▶ **INSTRUCTIONS TO FOLLOW**
Find the word "their" below. Copy each line that has it.

▶ **RAW DATA**
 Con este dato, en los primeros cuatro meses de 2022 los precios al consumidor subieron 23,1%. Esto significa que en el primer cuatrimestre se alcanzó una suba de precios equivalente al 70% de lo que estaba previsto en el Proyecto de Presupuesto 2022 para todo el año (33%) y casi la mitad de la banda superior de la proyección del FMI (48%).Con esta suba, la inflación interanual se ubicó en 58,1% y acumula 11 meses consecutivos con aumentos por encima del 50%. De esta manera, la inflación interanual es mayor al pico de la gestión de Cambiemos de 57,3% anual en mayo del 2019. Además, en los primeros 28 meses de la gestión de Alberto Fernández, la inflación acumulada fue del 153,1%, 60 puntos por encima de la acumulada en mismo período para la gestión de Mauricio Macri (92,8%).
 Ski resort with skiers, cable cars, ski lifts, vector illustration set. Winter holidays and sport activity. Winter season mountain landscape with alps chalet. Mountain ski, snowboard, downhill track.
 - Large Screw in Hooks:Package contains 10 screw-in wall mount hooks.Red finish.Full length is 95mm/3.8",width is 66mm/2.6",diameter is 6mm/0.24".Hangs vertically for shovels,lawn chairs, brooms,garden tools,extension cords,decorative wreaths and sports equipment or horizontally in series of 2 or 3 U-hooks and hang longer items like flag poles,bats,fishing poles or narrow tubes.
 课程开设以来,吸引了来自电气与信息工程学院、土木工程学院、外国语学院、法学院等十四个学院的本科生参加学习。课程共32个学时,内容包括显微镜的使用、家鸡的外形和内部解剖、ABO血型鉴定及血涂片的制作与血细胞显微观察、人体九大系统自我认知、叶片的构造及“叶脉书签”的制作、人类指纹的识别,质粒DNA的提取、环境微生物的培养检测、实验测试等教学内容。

...

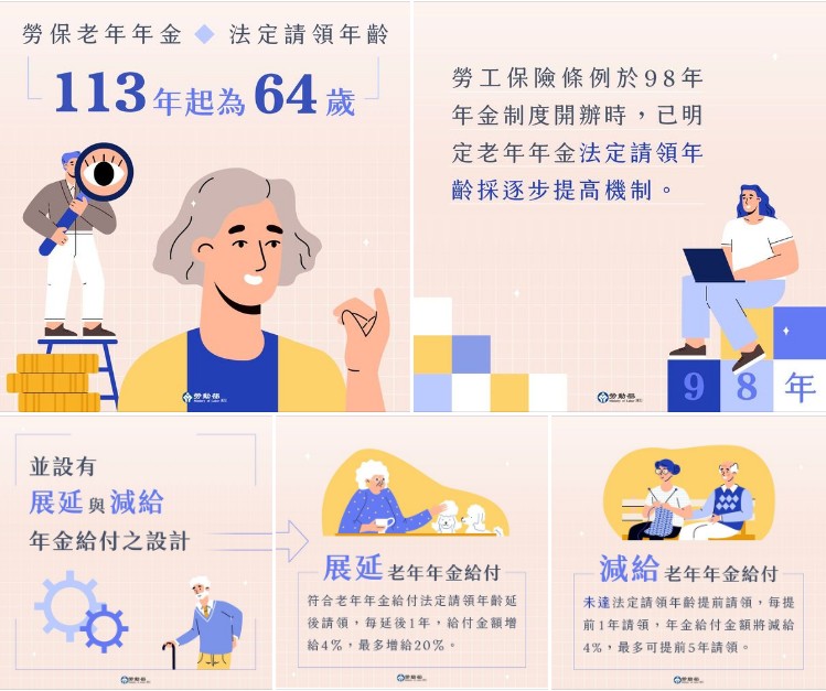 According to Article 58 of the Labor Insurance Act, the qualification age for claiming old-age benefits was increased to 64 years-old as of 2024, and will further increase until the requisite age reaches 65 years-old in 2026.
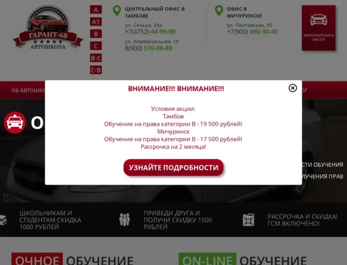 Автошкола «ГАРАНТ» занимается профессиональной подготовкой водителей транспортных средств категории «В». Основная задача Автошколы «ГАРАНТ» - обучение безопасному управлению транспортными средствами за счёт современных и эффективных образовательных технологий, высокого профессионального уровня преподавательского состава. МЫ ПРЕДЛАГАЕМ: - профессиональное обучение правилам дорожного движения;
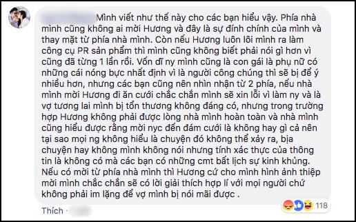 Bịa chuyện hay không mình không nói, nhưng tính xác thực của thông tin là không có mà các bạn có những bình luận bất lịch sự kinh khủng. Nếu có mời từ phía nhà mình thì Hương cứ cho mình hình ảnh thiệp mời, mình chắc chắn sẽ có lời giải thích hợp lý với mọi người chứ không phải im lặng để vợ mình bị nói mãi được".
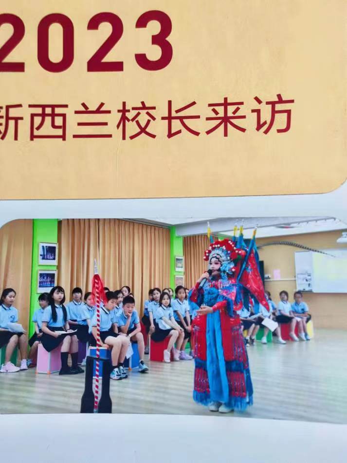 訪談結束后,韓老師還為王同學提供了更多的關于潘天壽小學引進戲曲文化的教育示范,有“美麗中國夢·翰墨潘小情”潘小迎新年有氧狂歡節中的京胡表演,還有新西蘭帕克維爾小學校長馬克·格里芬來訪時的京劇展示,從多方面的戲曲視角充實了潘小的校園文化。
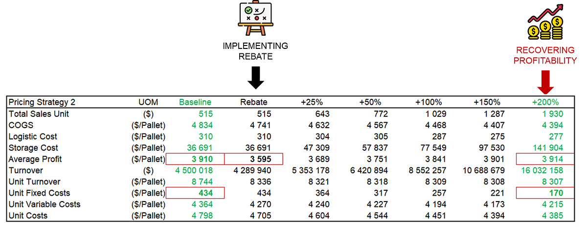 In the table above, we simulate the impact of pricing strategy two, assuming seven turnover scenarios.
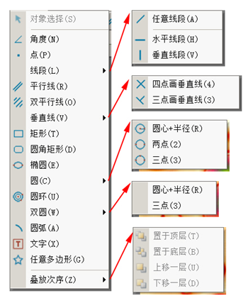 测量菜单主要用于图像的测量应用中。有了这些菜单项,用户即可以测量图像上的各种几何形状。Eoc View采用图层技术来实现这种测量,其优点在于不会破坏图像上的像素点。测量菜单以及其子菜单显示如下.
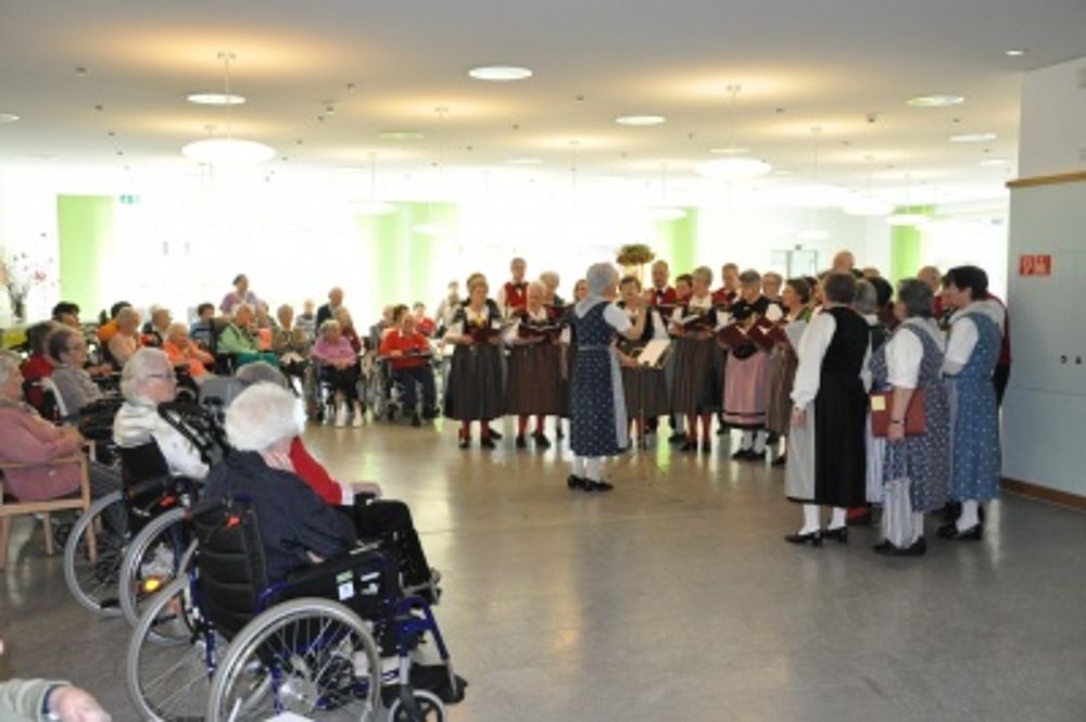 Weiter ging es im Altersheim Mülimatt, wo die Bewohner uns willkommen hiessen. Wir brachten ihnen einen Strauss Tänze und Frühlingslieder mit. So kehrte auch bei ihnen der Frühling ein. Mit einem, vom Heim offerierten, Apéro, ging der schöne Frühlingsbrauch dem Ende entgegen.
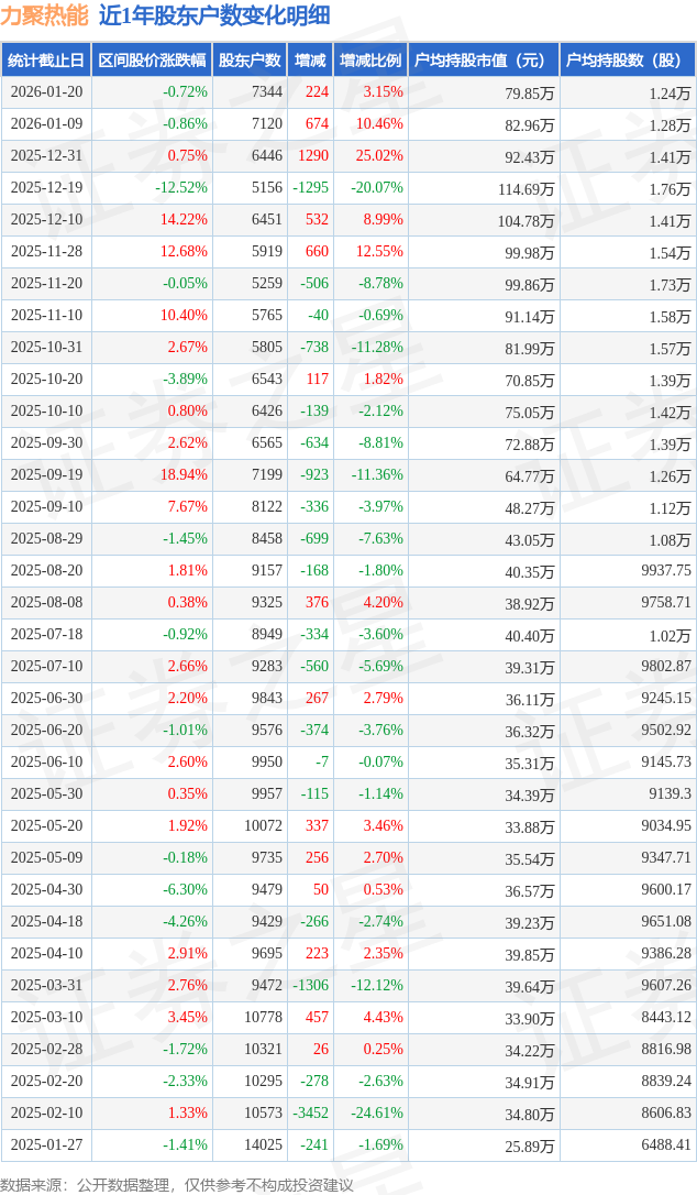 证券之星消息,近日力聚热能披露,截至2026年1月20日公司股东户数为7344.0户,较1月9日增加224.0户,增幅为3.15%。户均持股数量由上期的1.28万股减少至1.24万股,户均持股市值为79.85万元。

--

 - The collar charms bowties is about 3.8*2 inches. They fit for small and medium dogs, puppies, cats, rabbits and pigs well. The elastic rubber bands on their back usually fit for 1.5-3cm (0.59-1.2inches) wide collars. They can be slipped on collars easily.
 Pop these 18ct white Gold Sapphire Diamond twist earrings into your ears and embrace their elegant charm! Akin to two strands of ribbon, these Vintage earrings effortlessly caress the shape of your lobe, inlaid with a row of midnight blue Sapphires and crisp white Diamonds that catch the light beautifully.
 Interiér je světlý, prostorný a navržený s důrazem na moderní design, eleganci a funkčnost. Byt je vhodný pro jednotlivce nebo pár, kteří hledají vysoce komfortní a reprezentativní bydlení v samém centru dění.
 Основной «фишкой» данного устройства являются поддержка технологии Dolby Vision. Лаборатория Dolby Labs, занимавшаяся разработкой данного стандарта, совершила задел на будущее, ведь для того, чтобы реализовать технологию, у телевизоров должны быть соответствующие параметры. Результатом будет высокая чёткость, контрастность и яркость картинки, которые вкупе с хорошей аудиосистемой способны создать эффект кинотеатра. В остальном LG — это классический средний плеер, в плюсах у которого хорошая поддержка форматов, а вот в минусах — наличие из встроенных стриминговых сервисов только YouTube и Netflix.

▶ **ANSWER SPACE**
 - The collar charms bowties is about 3.8*2 inches. They fit for small and medium dogs, puppies, cats, rabbits and pigs well. The elastic rubber bands on their back usually fit for 1.5-3cm (0.59-1.2inches) wide collars. They can be slipped on collars easily.
 Pop these 18ct white Gold Sapphire Diamond twist earrings into your ears and embrace their elegant charm! Akin to two strands of ribbon, these Vintage earrings effortlessly caress the shape of your lobe, inlaid with a row of midnight blue Sapphires and crisp white Diamonds that catch the light beautifully.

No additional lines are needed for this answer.